> **Recorded data**
____________

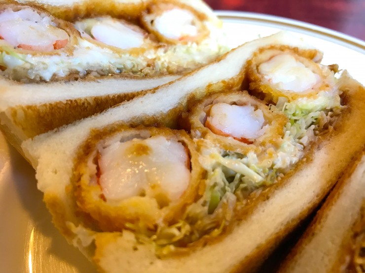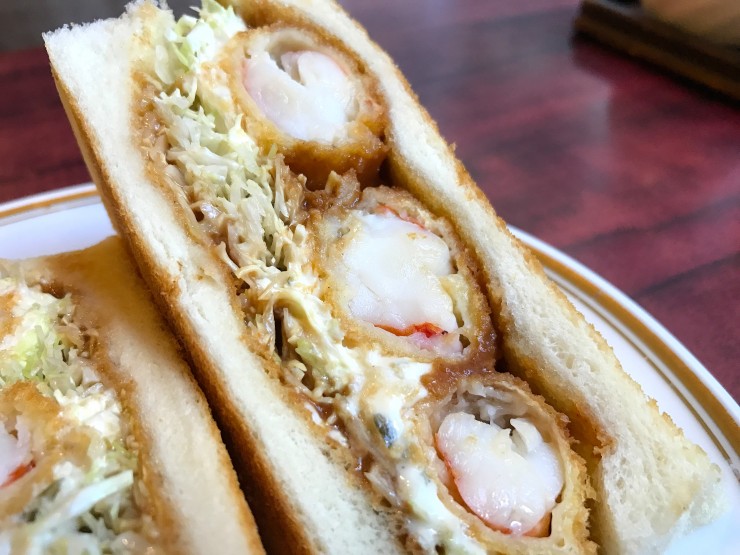 身為淺草的純咖啡廳名店的其中一家,儘管擁有各式各樣的餐點,但在這當中最想推薦的就是炸蝦三明治。使用三條肥美蝦子的炸蝦三明治貨真價實。說到炸蝦三明治,名古屋的KONPARU是很有名沒錯,但淺草的這家也不輸它。和KONPARU的炸蝦三明治不一樣的地方,首先是蝦子的大小。
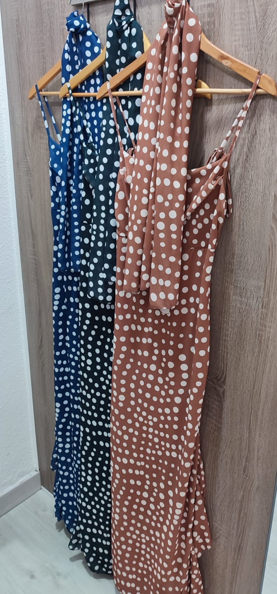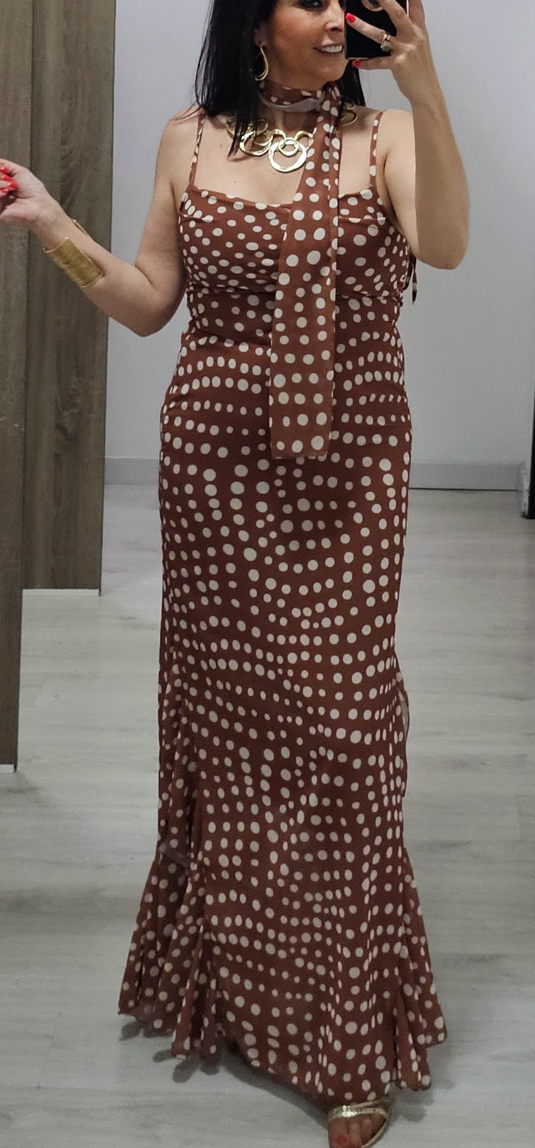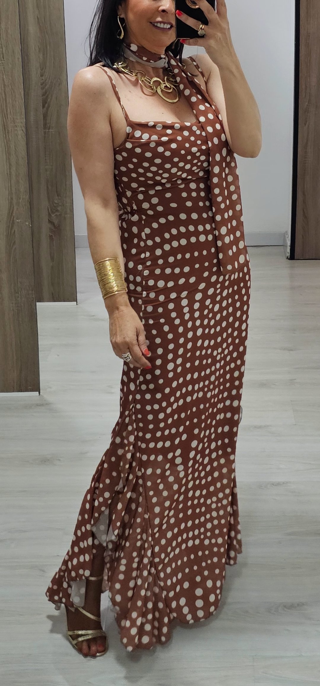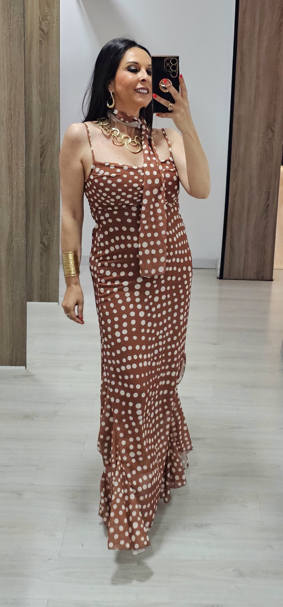 Espectacular vestido largo de lunares en tejido de gasa con tirantas regulables de lazo y mido de abeja detrás ,con terminación de volante en el bajo.Pañuelo incluido
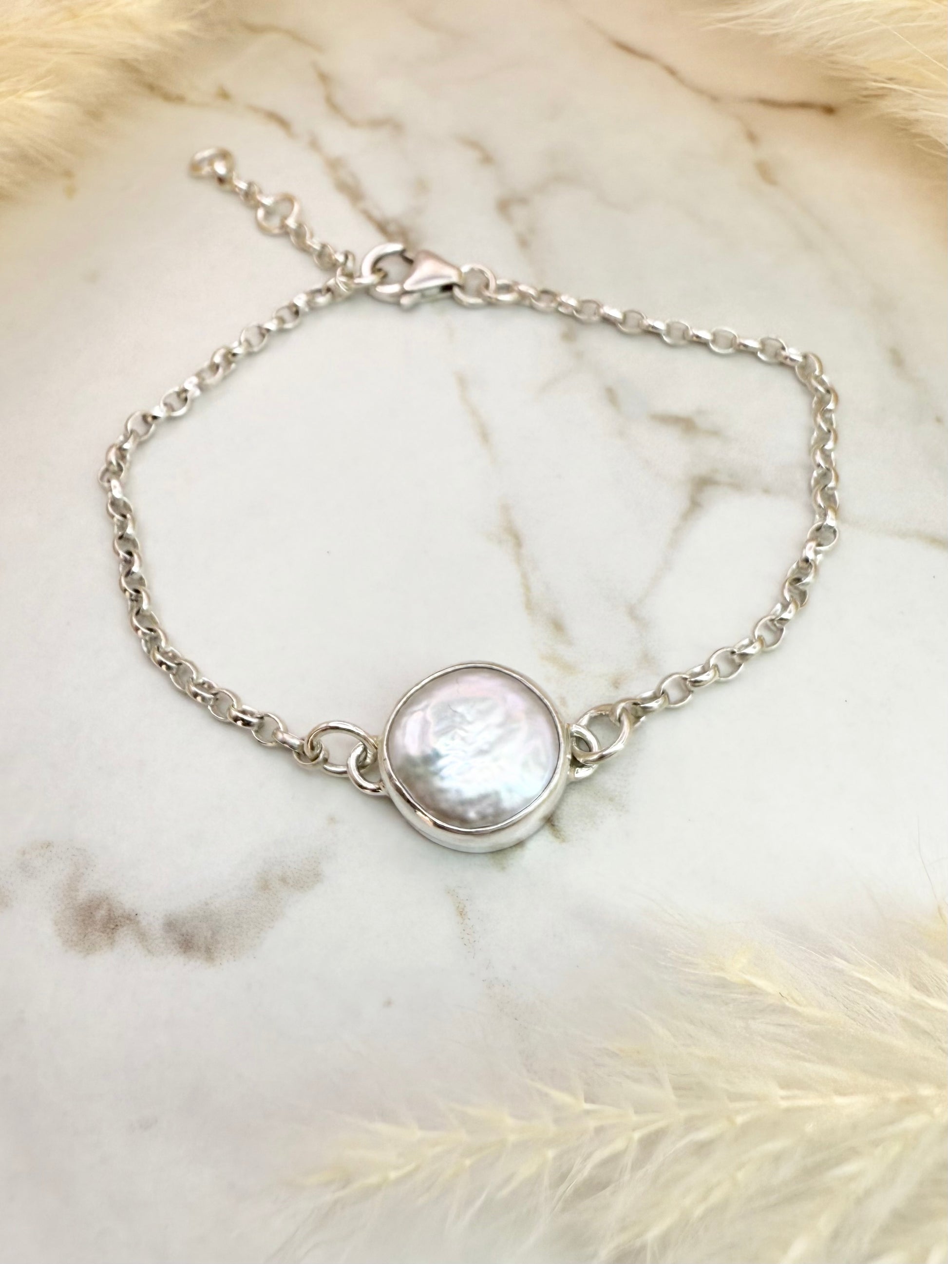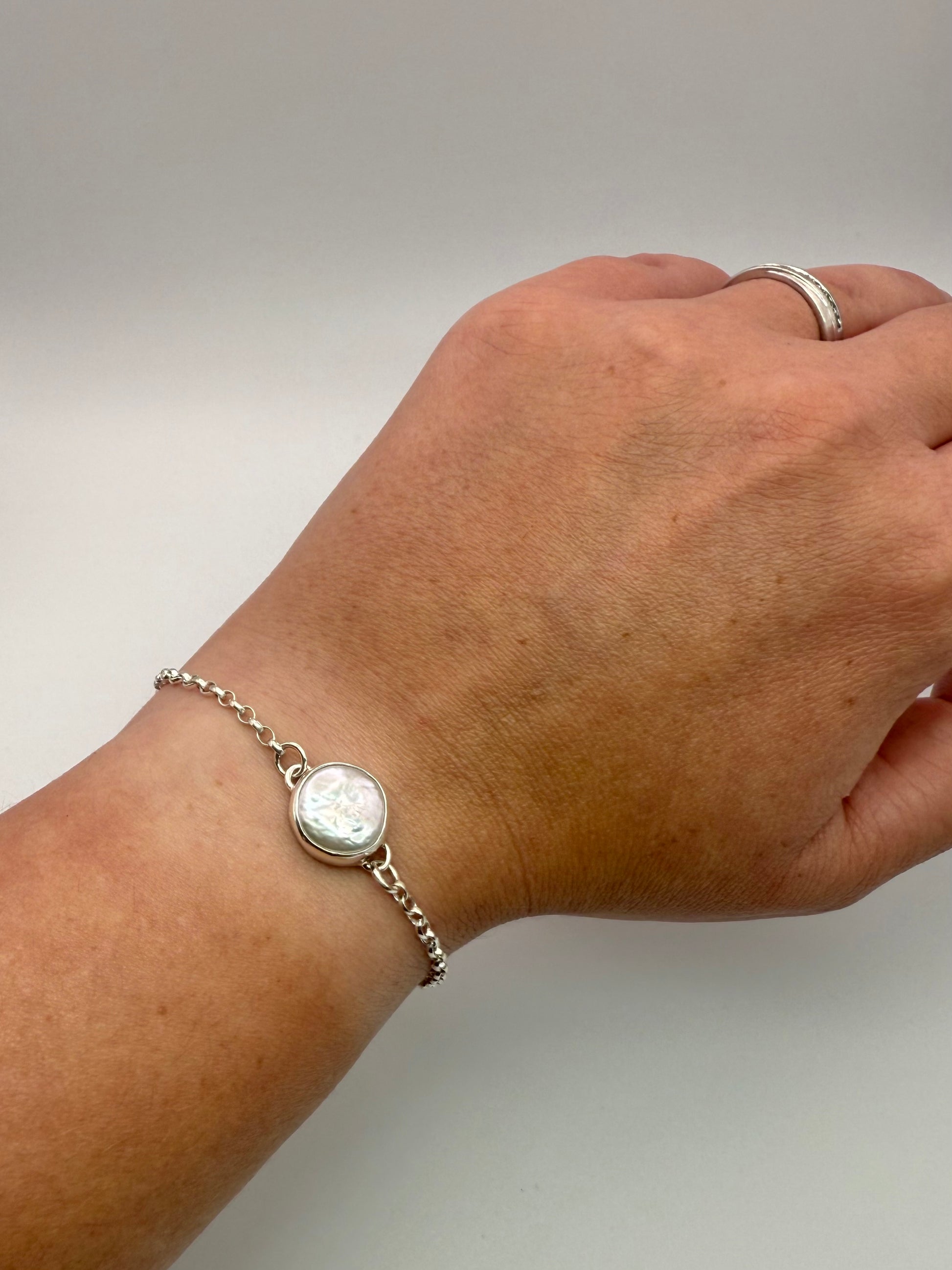 A beautiful fresh water coin pearl set in to sterling silver. This pearl is set in to a backless bezel setting so it can be seen on both sides.

____________

> **Instructions for the task**
Pictures stay out. Write out everything else in the material exactly.

> **Solution to this task**
 身為淺草的純咖啡廳名店的其中一家,儘管擁有各式各樣的餐點,但在這當中最想推薦的就是炸蝦三明治。使用三條肥美蝦子的炸蝦三明治貨真價實。說到炸蝦三明治,名古屋的KONPARU是很有名沒錯,但淺草的這家也不輸它。和KONPARU的炸蝦三明治不一樣的地方,首先是蝦子的大小。
 Espectacular vestido largo de lunares en tejido de gasa con tirantas regulables de lazo y mido de abeja detrás ,con terminación de volante en el bajo.Pañuelo incluido
 A beautiful fresh water coin pearl set in to sterling silver. This pearl is set in to a backless bezel setting so it can be seen on both sides.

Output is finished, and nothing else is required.